Discussion

We have detailed two mechanisms for the creation of a morphogen gradient, which do not share restrictions of mechanisms which have been previously studied:

• Separation of the morphogen into an extracellular phase, from which it cannot directly interact with receptors, and a cell-membrane phase; the corresponding mathematical model does not require any degradation scheme of receptor-morphogen complexes, and can accommodate biochemical parameters over a very wide range of values. Values which show correlation when interesting gradients are formed are the relative rates of morphogen degradation and phase equilibration, as well as rates related to the relative levels of extracellular matrix and cell-membrane concentrations. These are good candidates for experimental observation and manipulation.
• Oligomerization of the morphogen into a compound which does not interact with receptors, as could be the case for Sonic Hedgehog.

Both these mechanisms create in effect a dynamic sub-population of morphogen that travels unhindered by receptor interaction, allowing the morphogen gradient not to die off too quickly or saturate receptors. Tracking of the membrane diffusion of single molecules is feasible (as shown for example by Murakoshi et al., 2004); extending these experiments to extracellular diffusion would allow one to assess whether sets of individual paths indeed reflect the sort of diffusion which underlies these new models.

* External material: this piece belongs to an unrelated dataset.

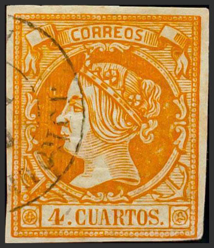 52. 1860. 4 cuartos yellow. Postmark JORQUERA / ALBACETE. MAGNIFICENT AND RARE.
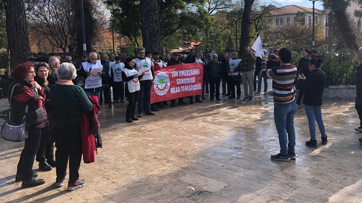 Muğla’nın Milas ilçesindeki Şehir Parkı’nda Tüm Emekliler Sendikası’nın çağrısı ile toplanan emekliler yapılan zamma tepki gösterdi, protesto etti.

The phase repartition model is compatible with both observations that proteoglycans are indispensable for Dpp and Wg diffusion, and that cell membrane-tethered diffusion would be too slow to account for the observed speed of gradient establishment (Lander et al., 2002). Its absence of requirement for receptor-mediated morphogen degradation is also in line with the lack of requirement of the receptors Fz and Fz2 to establish a Wg gradient (Han et al., 2005).

It has only recently been discovered that Dlp's GPI anchor can be cleaved, releasing it into the extracellular matrix. Since Notum is synthesized only in a region of high Wg signaling, it has been proposed that this localized expression has a role in promoting morphogen diffusion to regions of less intense signaling. However, our model makes the counter-intuitive suggestion that this may not be the case. This is in line with experiments showing that misexpression of Notum in the dorsal compartment of a Drosophila wing disc has symmetrical effects on the dorsal and ventral compartments (Giráldez et al., 2002), and with the fact that Dpp has been show to also require Dll and Dlp for its diffusion (Belenkaya et al., 2004). If Notum (and the EM and membrane fractions of Dll and Dlp) had a strongly non-homogenous distribution along the dorso-ventral axis, one would expect interference with Dpp signalling, which takes place in a gradient orthogonal to that of Wg (Figure 1).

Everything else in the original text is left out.